• _TASK REQUIREMENTS_: Transcription, pictures excluded: write out the data below exactly.

• _STORED DATA_:

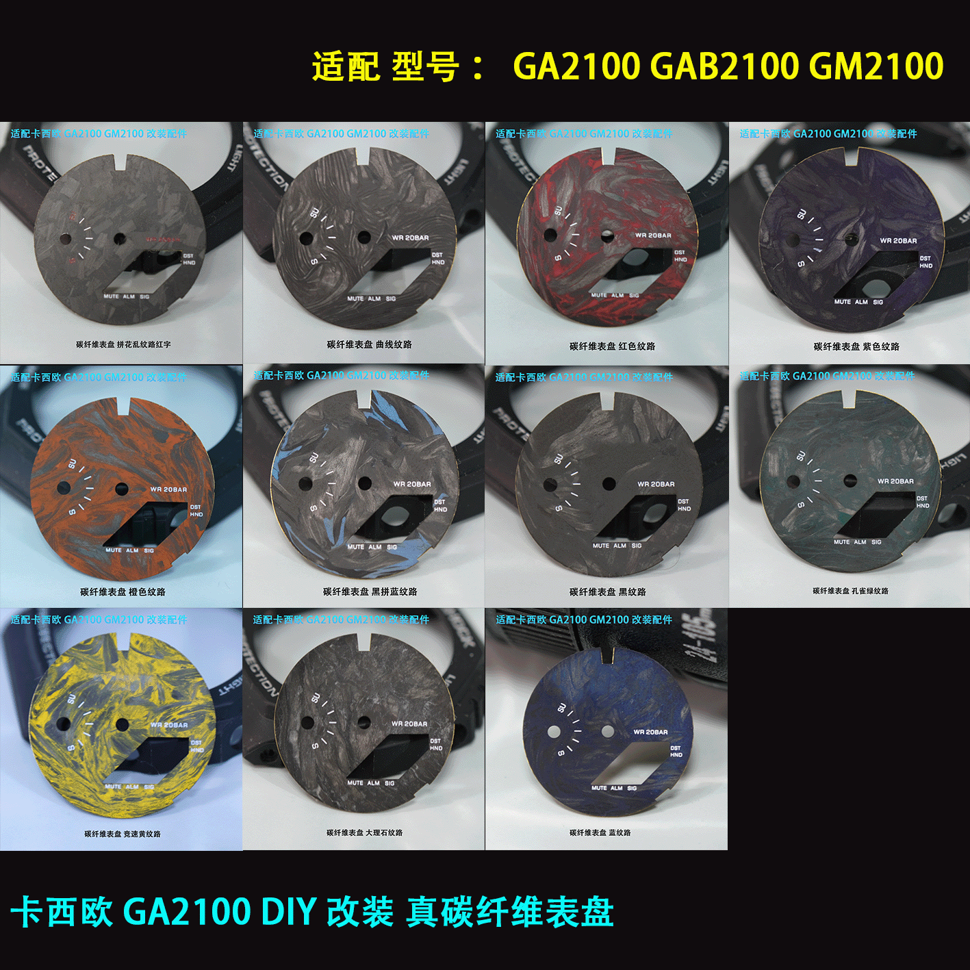 GA2100 Casio Farmhouse Oak Модифицированный циферблат из настоящего углеродного волокна с текстурой Glogo Literal Watch
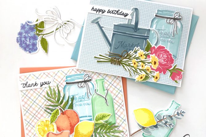 I used the jar from the Just Mason Around set, the green bottle from the Bottled Up stamp set, adding the stamped and die cut ties overtop the jars for extra dimension. I also combined the lemons from the Lemon Blossom stamp and die set, and the peaches from the Print Shop – Peachy Keen, with the die cut and watercolor painted leaves from the Botanicuts Palm Die set.
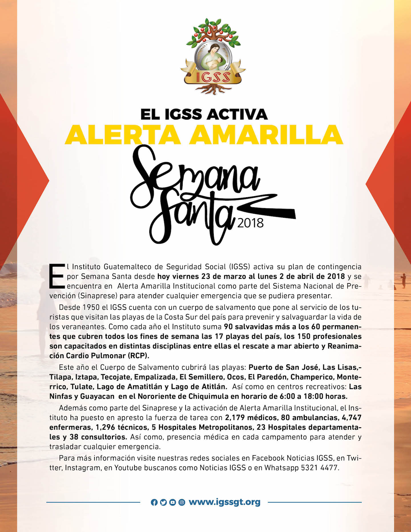 El Instituto Guatemalteco de Seguridad Social activa Alerta Amarilla en todas las unidades médicas del país del 23 de marzo al 2 de abril de 2018 como parte del Sistema Nacional de Prevención (Sinaprese) Semana Santa 2018.
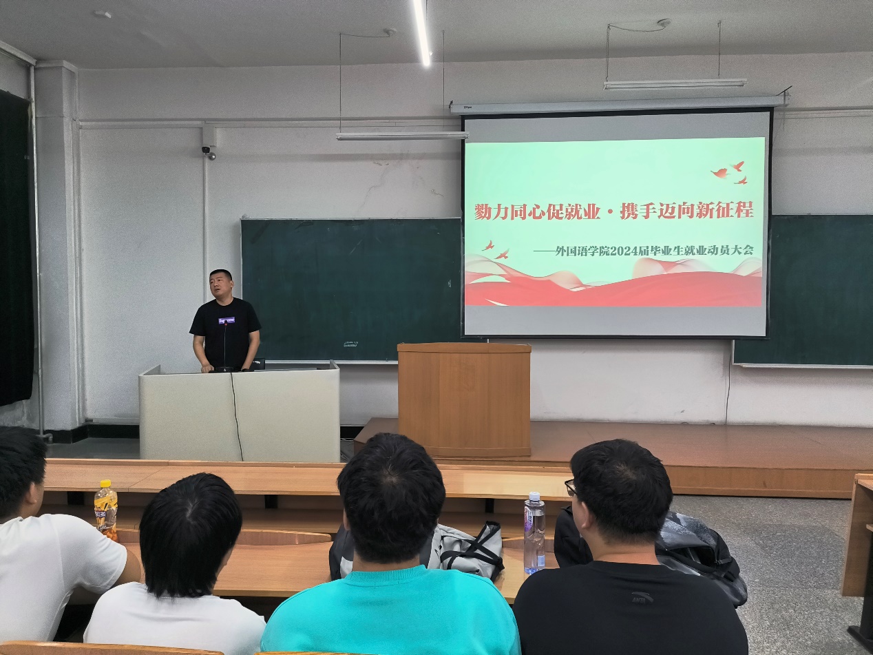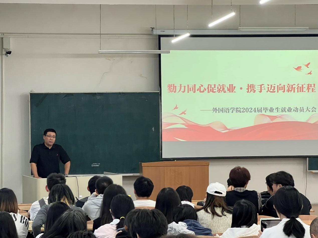 9月6日,外国语学院于南区1号楼536教室召开2024届毕业生就业动员大会。外国语学院党委副书记兼副院长蔡野、外国语学院就业干事马宁参加本次会议并作动员发言,外国语学院2024届全体毕业生参会,会议由2024届本科毕业生辅导员丁鑫博主持。

• _FINISHED EXERCISE_:
 GA2100 Casio Farmhouse Oak Модифицированный циферблат из настоящего углеродного волокна с текстурой Glogo Literal Watch
 I used the jar from the Just Mason Around set, the green bottle from the Bottled Up stamp set, adding the stamped and die cut ties overtop the jars for extra dimension. I also combined the lemons from the Lemon Blossom stamp and die set, and the peaches from the Print Shop – Peachy Keen, with the die cut and watercolor painted leaves from the Botanicuts Palm Die set.
 El Instituto Guatemalteco de Seguridad Social activa Alerta Amarilla en todas las unidades médicas del país del 23 de marzo al 2 de abril de 2018 como parte del Sistema Nacional de Prevención (Sinaprese) Semana Santa 2018.
 9月6日,外国语学院于南区1号楼536教室召开2024届毕业生就业动员大会。外国语学院党委副书记兼副院长蔡野、外国语学院就业干事马宁参加本次会议并作动员发言,外国语学院2024届全体毕业生参会,会议由2024届本科毕业生辅导员丁鑫博主持。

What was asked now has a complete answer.